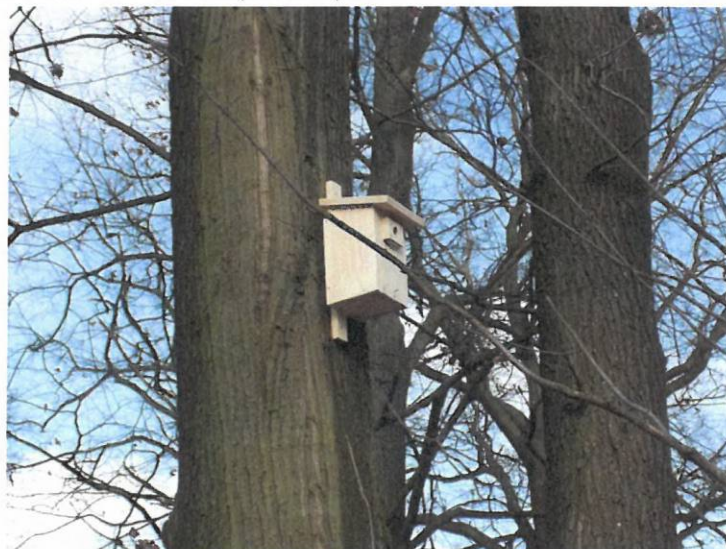
Fot. 3. Przykład budki typu B zawieszona w lokalizacji 1+500

W lokalizacji 1+500 ok. 300m od budowanego pasa drogowego znajduje się śródpolna remiza, gdzie powieszono 4 budki typu B, 8 sztuk budek typu A oraz po 2 budki dla nietoperzy typ Stratmann oraz Issel (fot. 3-6).
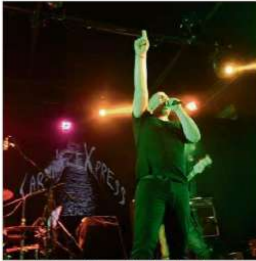
Karma's eXpress, le samedi 29 juin à 22 h 15.
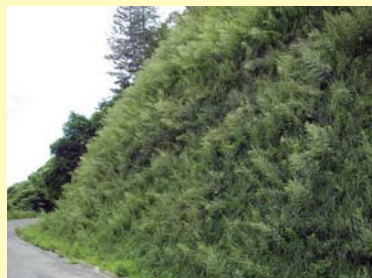
施工後 6 ヶ月
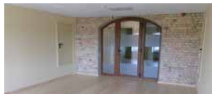
Iekštelpas pēc pārbūves.

Elvija Namsone, Dobeles novada Centrālās pārvaldes Infrastrukturās nodaļas vadītāja, sertificēta būvzinieciere
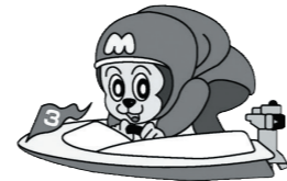
パルボート宮島 (外向発売所) ほぼ年中無休で営業中!!
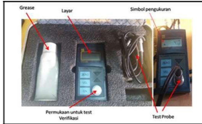
Gambar 1. Ultrasonic Thickness Gauge TT 130

Material Struktur conveyor menggunakan baja ASTM A36 dengan kandungan karbon <0,3%. Berdasarkan kandungan karbon yang dimiliki, maka struktur conveyor ini termasuk kedalam jenis baja low carbon steel. Tebal nominal dan aktual akan digunakan untuk menghitung laju korosi dan juga sisa umur pakai struktur conveyor dengan menggunakan alat ultrasonic thickness gauge TT 130.
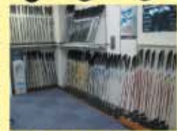
豊富な試打クラブ
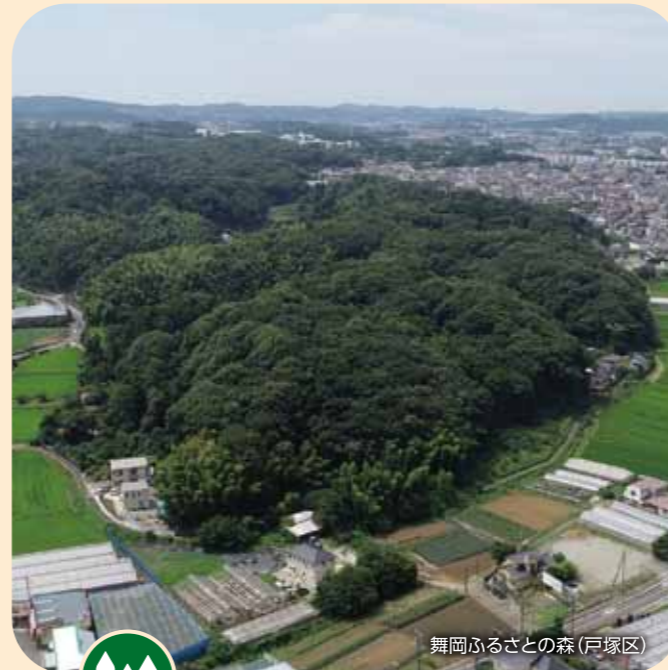
舞岡ふるさとの森(戸塚区)
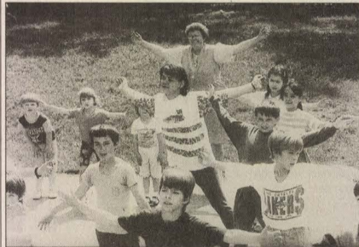
Vidáman tornázott a település apraja-nagyja Budakeszin

II. osztály. Északi csoport: Nagymaros-Törökbalint (Zágráb), Pilisszentiván-Szokolya
┄┄┄┄┄┄┄┄┄┄┄┄┄┄┄┄┄┄┄┄
#### [WHAT IS BEING ASKED]
The first line of the entries, the line containing "Iekštelpas pēc pārbūves.", and every line between them are to be output exactly; pictures are not.

#### [COMPLETED TASK]
Fot. 3. Przykład budki typu B zawieszona w lokalizacji 1+500

W lokalizacji 1+500 ok. 300m od budowanego pasa drogowego znajduje się śródpolna remiza, gdzie powieszono 4 budki typu B, 8 sztuk budek typu A oraz po 2 budki dla nietoperzy typ Stratmann oraz Issel (fot. 3-6).
Karma's eXpress, le samedi 29 juin à 22 h 15.
施工後 6 ヶ月
Iekštelpas pēc pārbūves.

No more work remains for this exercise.